To: Tommaso who wrote (19322)2/28/2003 12:49:43 PM
From: whitepine  Read Replies (1) | Respond to of 206324
 
Tommaso and EP,
I would suggest listening to presentations of BMO Conference held the last two days. Link via Thunderenergy.com page.

My take on drilling in Canada is limited only able crews. Charts of PEY, THY, CQL, and CMT are impressive compared to US counterparts (?)

THY AND CQL (long both) are unhedged. Don't know about PEY (also long). Maybe I am too easily impressed, but their views reflect greater potential than BR's. Presentations have great graphs (PWI's) though you will probably note these did not include comps vs. AVN (also long).

Holders of AVN have been rewarded since Dec.

JMO....DD

whitepine



To: Tommaso who wrote (19322)2/28/2003 1:44:23 PM
From: russwinter  Read Replies (1) | Respond to of 206324
 
You might want to listen to the CHK call. They really stole El Paso's property. The leverage is financial (gas on margin play), operational, and commodity based, but if you see $5 plus gas for the next year or two, they are going to clean up cash flow wise, and the debt will get reduced in little time.
biz.yahoo.com



To: Tommaso who wrote (19322)3/3/2003 2:30:41 AM
From: energyplay  Read Replies (3) | Respond to of 206324
 
Leveraged NG plays - Tommaso asked - "What do you see as the most highly leveraged way (other than futures, will I will never touch) to profit from what truly is shaping up as a disaster for the natural gas supplies?"

I thought pretty hard about this question.

I see a spectrum of leverage and risk. I have a number of positions over this spectrum.

Let's assume that higher natural gas prices are a given.
So we assume there is zero risk there.

Part of the remaining risk is that the security's price will not respond to the higher profits and value.

We have all seen situations where X goes up, profits go up, and the stock doesn't move or goes down.

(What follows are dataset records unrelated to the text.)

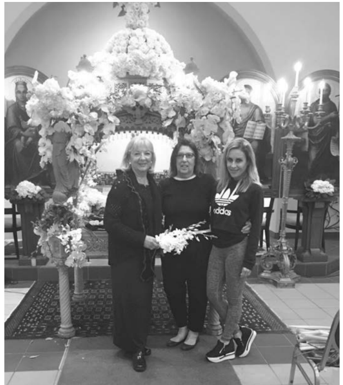
The Epitaphios each year is beautiful and unique, thanks to the efforts of our faithful volunteers
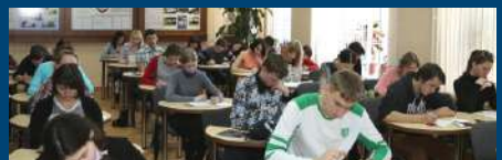
Students giving their final exams at the examination hall
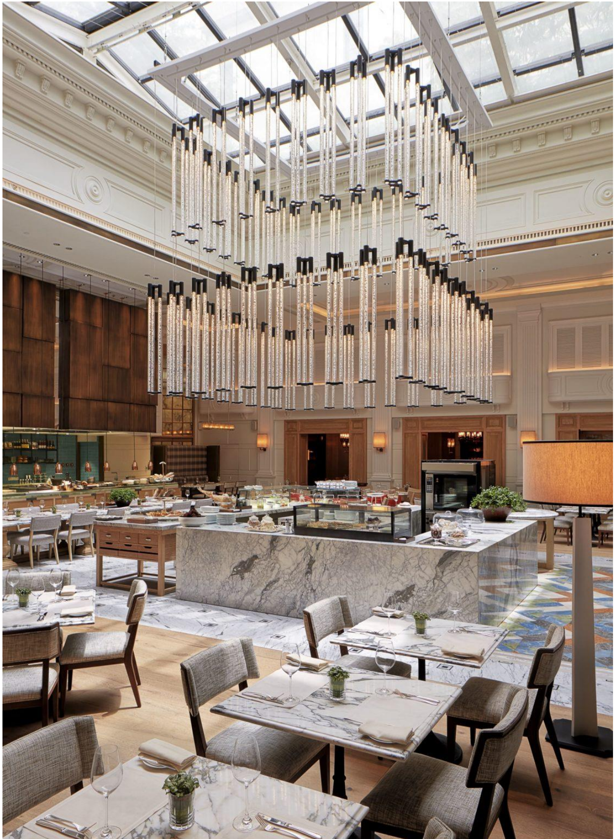
NOVA European brasserie.
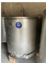
Reference: MIC-060E jacketed mix tank, 316 SS, 1.5... Year: 1997 Brand: LOPIK Width: .
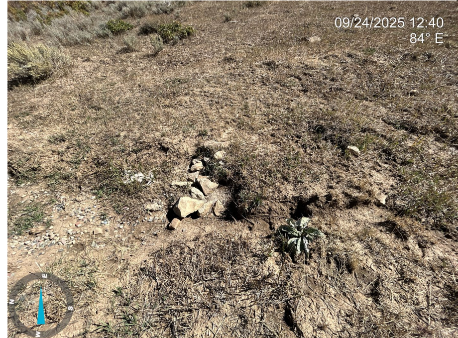
Photo 4: Photos showing stormwater controls on the northern portion of the location appear to be in disrepair. Sediment deposition and erosion is evident. Stormwater BMPs do not appear to be constructed per good engineering practices. Comply with 1002.f. and implement or maintain stormwater BMPs.

Here's may estimated table of leverage and response reliabilty , and time delay for various asset types -

Foramt is -
Asset - Leverage - Price response reliability -Time delay

1) Physical gas 1.00 Leverage - 99% - zero delay
Price controls or pipeline delivery problems keep this from being 100%

2) Futures contracts 10+? Leverage 98% zero delay to two days (weekend)
Again, price control or government intervention.

3) Gassy U.S. gas Royalty Trusts(SJT) 1.50 leverage - 90% - about a 2 month delay.

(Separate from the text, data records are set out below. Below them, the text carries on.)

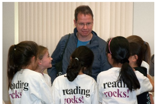
The victorious Winning Wonders from Port Coquitlam sporting their Reading Rocks! t-shirts.
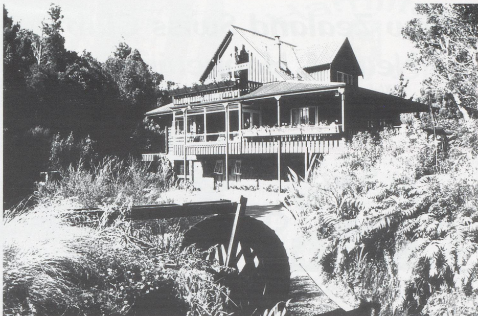
Anderson's Alpine lodge... a beautiful Swiss Log Chalet at the edge of the National Park.
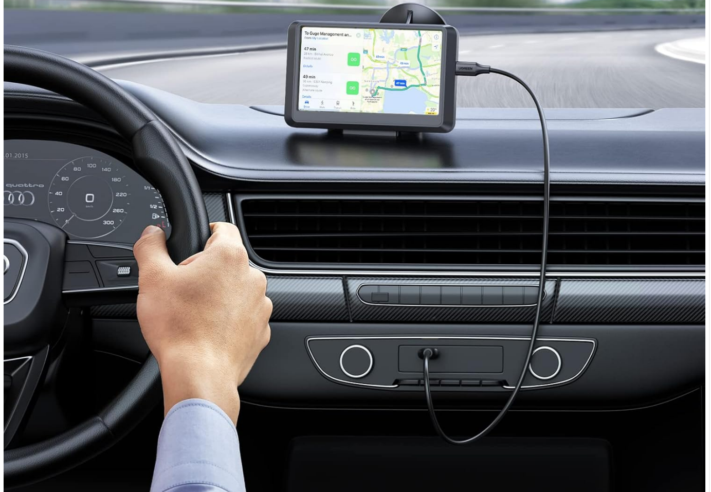
Figure 5.2: A GPS device mounted in a car dashboard, being charged via the UGREEN Mini USB Cable, ensuring continuous power during navigation.

Leverage is about 1.50 because of costs of about $2.00. This leverage can be higher with some trusts with more expenses. Looks like about 85+ % of increase goes into asset price. Close to 100% gas production. While there is a daily and weekly response to gas prices and storage, most of the price response happens about 2 weeks befor and one week after the dividend announcements.

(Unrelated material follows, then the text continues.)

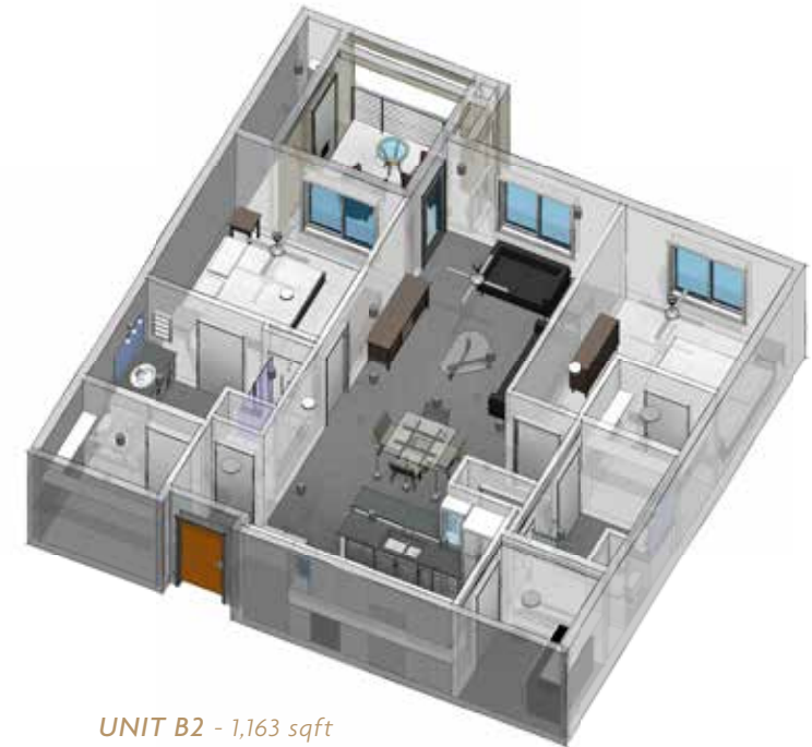
UNIT B2 - 1,163 sqft

4) Gassy Canadian Royalty trusts 1.60 leverage 70% About a two month delay.

Leverage is a little higher since AECO hub prices started lower than U.S. prices. Reliabiltiy is about 75% because companies can mess up buying property or issuing more shares. Some tend to be about 75% gas, 25% oil. While there is a daily and weekly response to gas prices and storage, most of the price response happens about 2 weeks before and one week after the dividend announcements. The Canadians seem to track price quicker that the U.S. trusts.

5) Large gassy E&Ps (APA,APC,BR,DVN,ECA,EOG) 1.4-2.2 leverage.
55% price response. Delay 3 months.

Leverage varies with debt, wtih DVN being high. The price response is muted due to Wall Street expecations of falling energy prices, effect of mergers. These stock are heavily driven by quarterly earnings number, with only moderate anticipation.

All of these stocks have options for more leverage. Risk exists with time decay of options AND Wall Street being slow to value these stocks correctly.

6) Smaller cap E&Ps 1.2 -4.0 leverage , 45% price response.
Time delay varies with stock.

High leverage / high debt names like CRK ,CHK ,etc.

We need to look at each stock -some follow NG prices, other stocks are earnings driven and others are drilling results driven.

Most of these stocks do not have options, or liquid options markets.

One big risk with all the samll caps - if even NG prices stay up, if oil prices drop, Wall Street may decide to ignore E&P for a year, and these stocks can just sit there.

******

Most highly leveraged -
1) options on E&Ps
2) High debt small caps CRK, CHK, BEXP, etc. (buy a bunch, there's sure to be one bad apple)
3) Canadian Royalty trusts
4) U.S. Royalty trust
5) Big E&Ps

Normally, Big E&Ps would be number 3 - but I have not seen the valuation response from Wall Street, or I think it might be muted this cycle, maybe by recession worries, down market, etc.

The transmission mechanism from future earnings to stock price seems to be broken for big E&P stocks.